Why use a map?
Imagine a map of your hometown. Seeing that a creek runs along main street or that there are connecting side streets running adjacent to that one highway with the notorious stoplight is the kind of spatial information that could meaningfully impact your life.
Now imagine a map of a town you’ve never been to and have no plans to visit. Seeing the location of a grocery store there may or may not be interesting or useful.
Now imagine a map of the moon. The proximity of one crater to another is hard to comprehend when you can’t even fathom the scale of the craters in question.
Having spatial data (knowing where something is) isn’t always the same thing as needing spatial data (caring where something is). This was the initial question we explored with the Chang Lab at UCSF when we began working with them to visualize their cutting edge research of how speech is produced and processed in the human brain.

Figuring out whether information is useful can’t be done without identifying who the information is intended for. A surgeon holding a scalpel certainly needs to know as much as possible about the best location to cut. But will they be pulling up this interface as they head into surgery or even for reference during training?
Researchers in a lab may need to analyze their data and identify location-based patterns in their findings. In that case, having the maximum possible amount of information indexed and juxtaposed could lead to an incredible internal tool.
A general audience, however, may not need to know the precise coordinates of where our brain perceives vowels but will still find it fascinating, which lends itself to a different kind of visualization than the surgeons or researchers would find useful.

In addition to needing to be interesting, visualizations also provide an opportunity for researchers to demonstrate where they have made breakthroughs that contribute to the greater collective knowledge of the human race. In science there is an inherent open-endedness that allows for unexpected revelations alongside the expected. So withholding spatial data possibly becomes a missed opportunity to engage and enlighten.
How is a brain like a mountain?
Even if the spatial dimensions of the brain aren’t our primary focus, there are some useful visualization parallels that we borrowed from cartography:
SAME: The earth and brains both have surfaces that we are primarily interested in. Think about a topo map, and how in some circumstances we are interested in the variance of the elevation, but in others it’s more about net distance from A to B. The brain is the same way, with the dura mater (outermost membrane) representing the vast majority of brain topography, and the altitude of the sulci and gyri (ridges and grooves) being lesser priority.
SAME BUT DIFFERENT: Brain pathways behave more like a transit map and less like a road network. Neurons transmit information more like a Greyhound connecting two cities, while bundles of axons send signals akin to a dense interstate highway.
DIFFERENT: Regions are relative, and locations in the brain are not fixed. When brain function is lost in a certain area, the functions previously associated with that location can migrate to new and variable regions.
SAME: There are additional dimensions beyond the surface that have crucial importance, though exposing those details can be distracting. Like how including an indoor floorplan of an airport could distract from trying to find the airport in the first place, or the bathymetry of the ocean floor would add noise to a map being used to fly from California to Japan. Being able to surface additional detail when and if it is relevant becomes crucial.
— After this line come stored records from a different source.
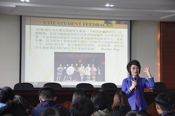 会议伊始,周栋向同学们对周谦教授进行了详细的介绍,并代表学院全体师生对周谦教授的到来表示热烈欢迎。首先,周谦教授向同学们说明了ETIE项目内容及选拔条件。项目包含:3+1本硕连读项目、4+0.5+1的研究生项目等,各项目对学生的要求不一,能够给予学生更多机会。紧接着,她展示出的ETIE outcomes、why ETIE、ETIE student feedbacks三个模块更加深入全面地带领了同学们了解项目内容及学校环境。在接下来的互动交流环节,周谦教授对在座学生提出的问题一一耐心解答。随后,刘文娟具体讲解了报名要求及注意事项,鼓励同学积极参加。最后,周栋致结束语,本次ETIE学生交流项目事宜宣讲会圆满结束。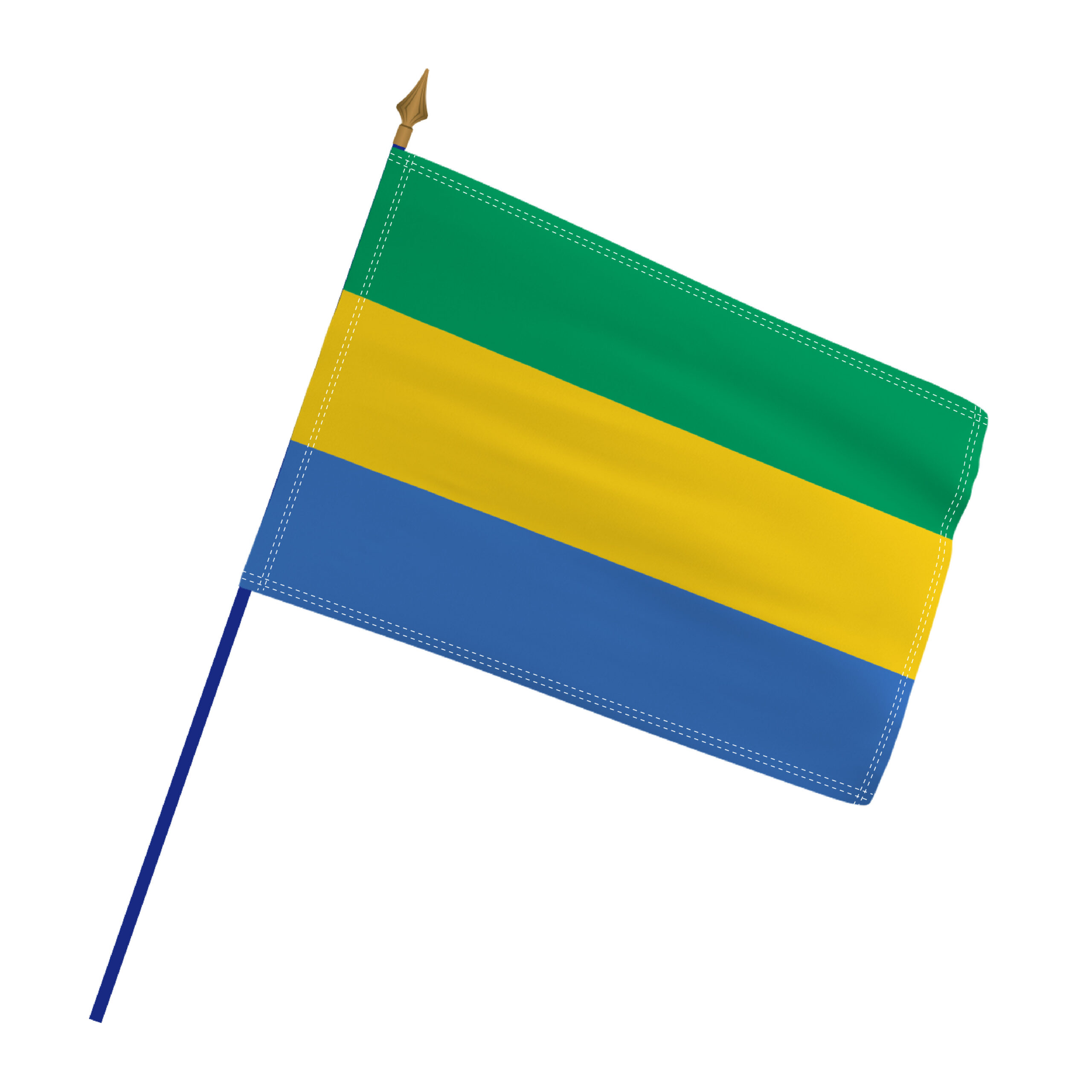 Célébrez les couleurs du Gabon avec ce drapeau fabriqué avec soin en France dans notre atelier de Rochecorbon. La maille drapeau 100% polyester, imprimée par sublimation directe, restitue avec vivacité les trois bandes horizontales vert, jaune et bleu du drapeau gabonais.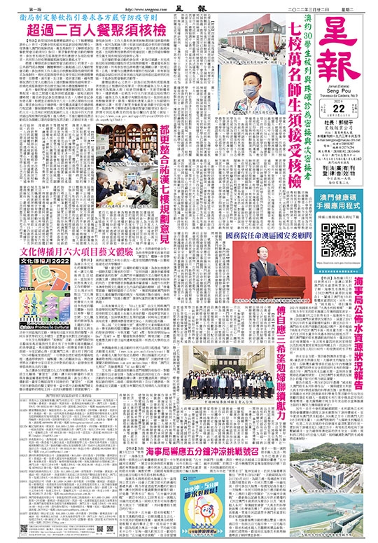 珠海出現確診病例,本澳約有三十名學生被列為密切接觸者或次密切接觸者,其中,聖德蘭學校一名學童,青洲中學一名學童,福建學校兩名學童,列為密切接觸者。根據衛生局相關指引,相關人士分別需要到高頂公共衛生臨床中心,作醫學觀察,以及作「七加七」自我健康管理,而同校的其餘學生,為安全起見,和釋除家長疑慮,教青局已即時和衛生部門溝通,確保有足夠的核酸檢測能力為學生提供服務。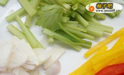 洋葱洗净去皮切丝,香芹切段,彩椒切丝,鸡蛋打散备用。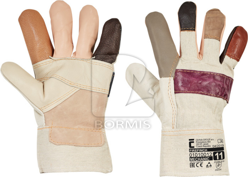 Rukavice z rôznofarebnej lícovej nábytkárskej hovädziny v dlani s teplou podšívkou a bavlnenou tkaninou na chrbte a manžete. Materiál: lícová nábytkárska koža Norma: EN 420:2003+A1:2009, EN 388:2016 2223X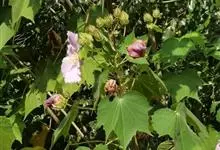木芙蓉,锦葵科木槿属落叶灌木或小乔木。小枝上有细绒毛;叶片为卵状心形,托叶为披针形,常早落;花单生,花萼为钟形,花冠初为白色或淡红色,后逐渐变为深红色;果实为扁球形,有淡黄色的毛附着。花期8到10月。…全部>>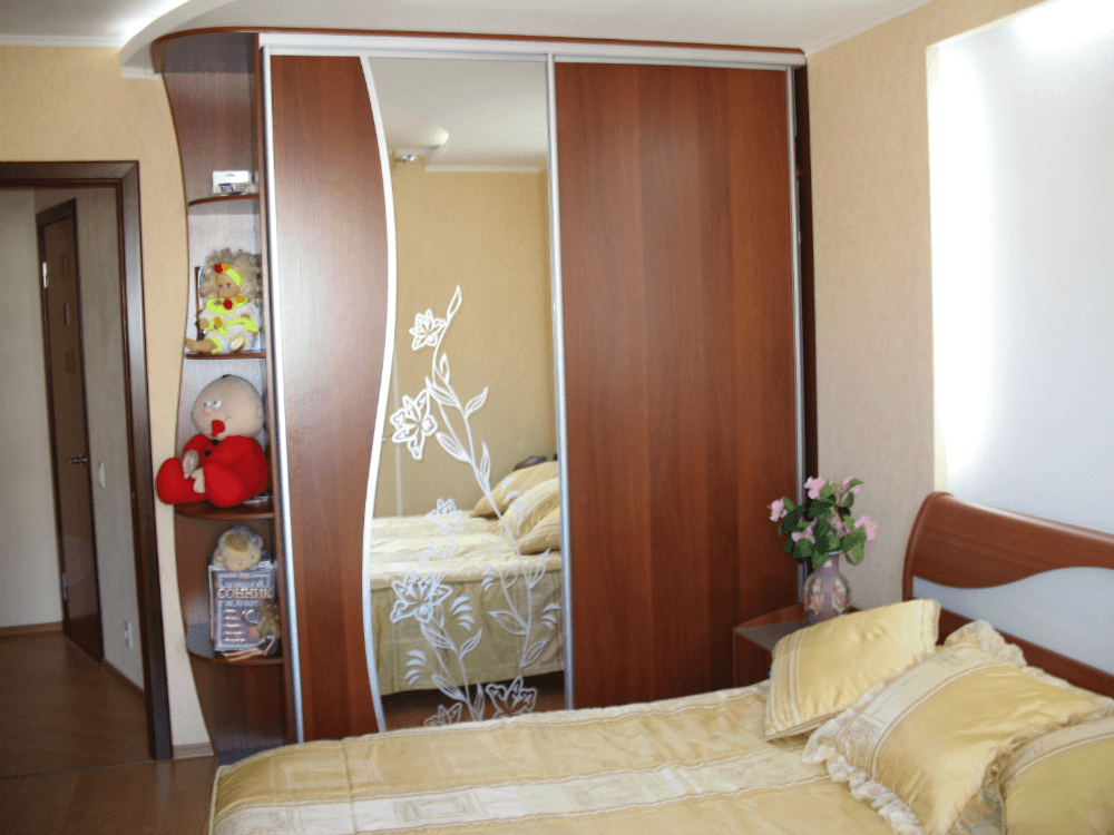 В спальне его можно встроить или сбоку от кровати, или напротив нее. При установке напротив большое значение имеет передняя поверхность – она должна подойти по вкусу хозяевам. В этом случае для отделки фасадов стоит выбирать зеркала или простые оттенки. Аргумент в пользу шкафа с радвижными фасадами – полное прилегание к задней стене, т.е. гарантия того, что позволяет избежать скопления пыли в труднодоступных местах.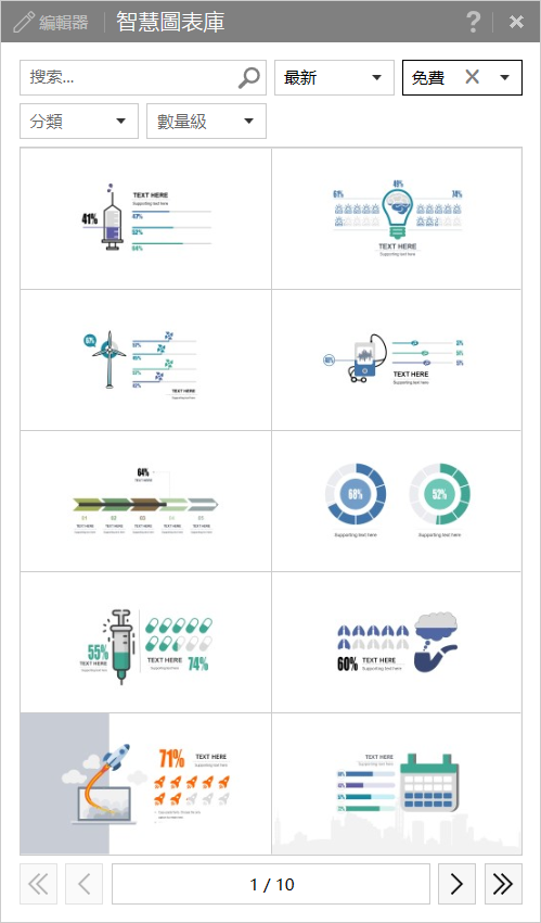 馬上來看最有趣的智慧圖表庫,如果不想看付費版,建議右上角切換成免費,光免費的圖表就有上百種可挑選,都挺特別的,就看你會不會用了。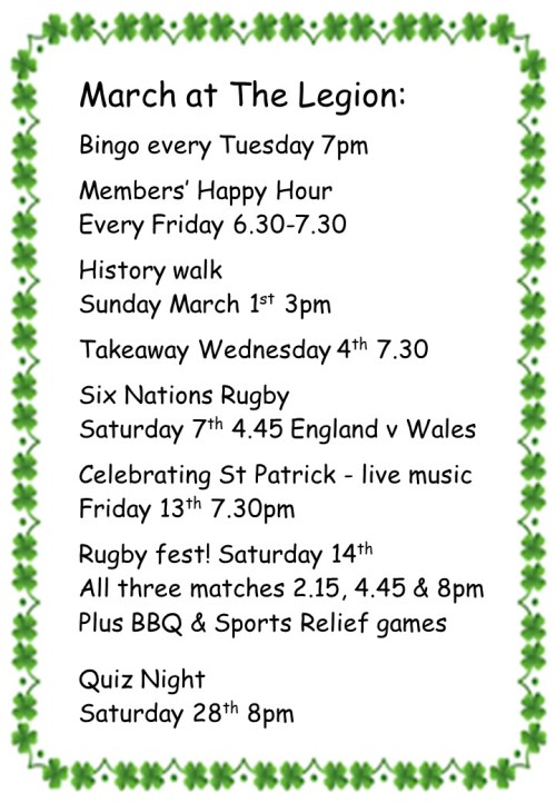 | Fri 13th | 7.30pm | St Patrick’s Day Celebration – Live Music | Legion |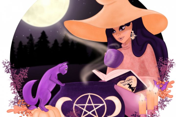 Вторая иллюстрация из серии про ведьму Лизу и ее кошку Пину для марафона "Magic October". Позже эта иллюстрация вошла в осенний стикерпак.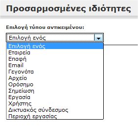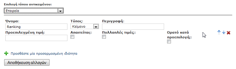 Κάνοντας κλικ στην επιλογή «Προσθέστε μία προσαρμοσμένη ιδιότητα» θα εμφανιστεί μία φόρμα όπως φαίνεται στην εικόνα με τις παρακάτω επιλογές: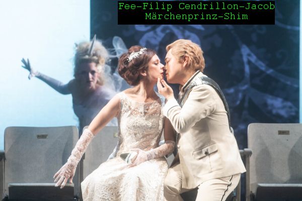 Ihr „Märchenprinz“ wurde nicht, wie von Massenet als Hosenrolle zwischen Cherubino und Rosenkavalier beabsichtigt und kürzlich in der Aufführung der MET auch befolgt, von einer Mezzosopranistin sondern vom Tenor Youn-Seong Shim dargestellt.. Obwohl oben vom Kronleuchter her sang er legato und melancholisch p vom „Herzen ohne Liebe“ (Coeur sans amour) Bei den Liebesszenen konnte er auch dramatisch bis zum hohen Spitzenton„wagnern“ Höhepunkt war das verzweifelte Duett der beiden im III. Akt, wo sie sich hören aber nicht sehen konnten, eigentlich getrennt durch eine Blumenhecke, hier von den Feen mit verbundenen Augen herumgeschubst.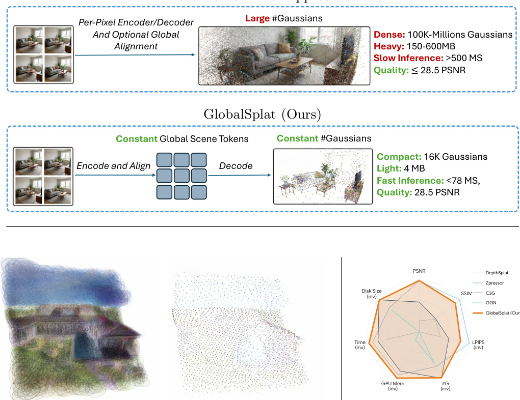 • The paper introduces GlobalSplat, a feed-forward 3D Gaussian Splatting framework based on an "align first, decode later" principle that aggregates multi-view observations into a compact, fixed-size set of global scene tokens. This approach resolves cross-view correspondences within a global latent representation before decoding explicit 3D geometry to eliminate the redundancy found in dense, view-centric pipelines.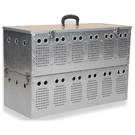 Verkrijgbaar in x aantal maten voor verschillende soorten dieren. Alle dieren zitten apart door middel van rekjes, ze kunnen elkaar dus niet lastig vallen tijdens de vervoer periode. De manden zijn goed in luchtcirculatie om oververhitting te voorkomen.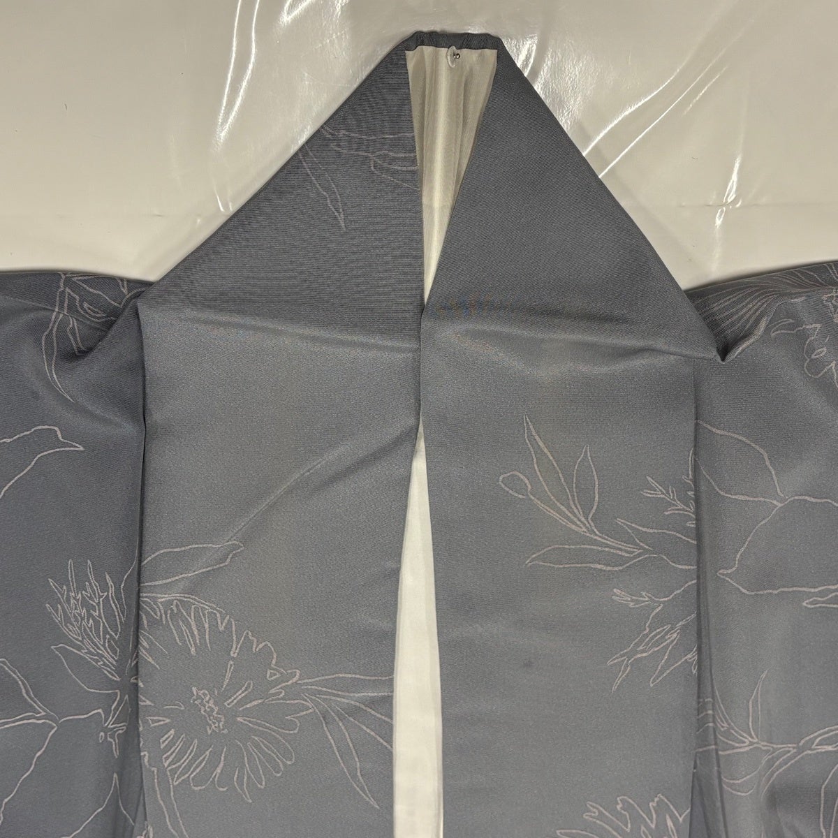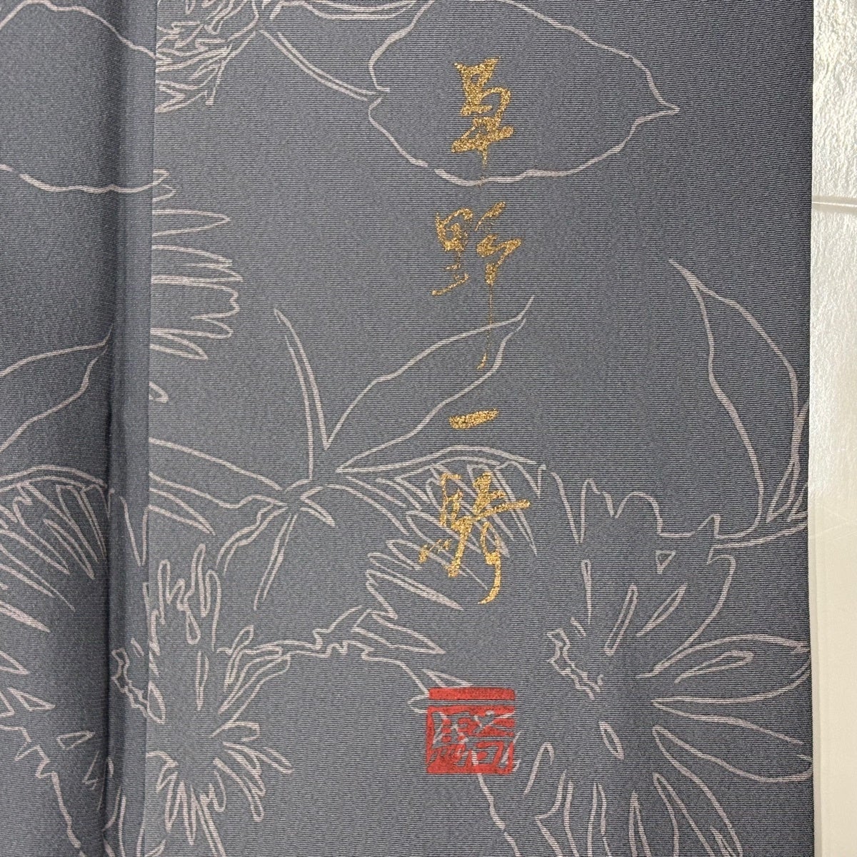 小紋 身丈161cm 裄丈62cm S 袷 南部幸雄 落款あり 鳥 松梅 縮緬 灰色 正絹 秀品

Another critical dimension for understanding the brain is time, which though it can be represented as a dimension of space, doesn’t have to be.
What is time?
There are so many visualization forms that use time for added excitement and interest, though it’s easy to overwhelm the user when displaying time using time via animation. For example, in so-called bar chart race visualizations you get to watch different bars increasing in size over time, but because the only way to see change over time is to literally watch every second of the “race”, it’s easy to lose all of the time-based revelations by the end of the sequence.
Another problem that arises when representing time with animation, is that sequence is captured but additional context about the scale or precise timing is easily lost. Including an animated timeline can help, but then you are effectively asking the user to watch two animations simultaneously.
And when visualizing something like speech that we are so accustomed to experiencing in real time you lose some flexibility when it comes to slowing it down or stretching it out, because doing so turns the speech into something unintelligible. This leaves us with the conundrum of wanting to associate our visualization to speech to make it familiar, but then having to pick between an intelligible visual or an intelligible audio output. In this case, we decided to rely on coupling a spatially-defined animation with a simplified data animation where time was represented as the x-axis to ideally get the best of both worlds.
The next frontier?
Aside from the representation of space and time, we also wanted to capture the known v. unknown aspect of the research. This gave us our final visual attribute, which was to create a mental model (no pun intended) adjacent to stars in space, which cartographically feels the most relevant for this exercise.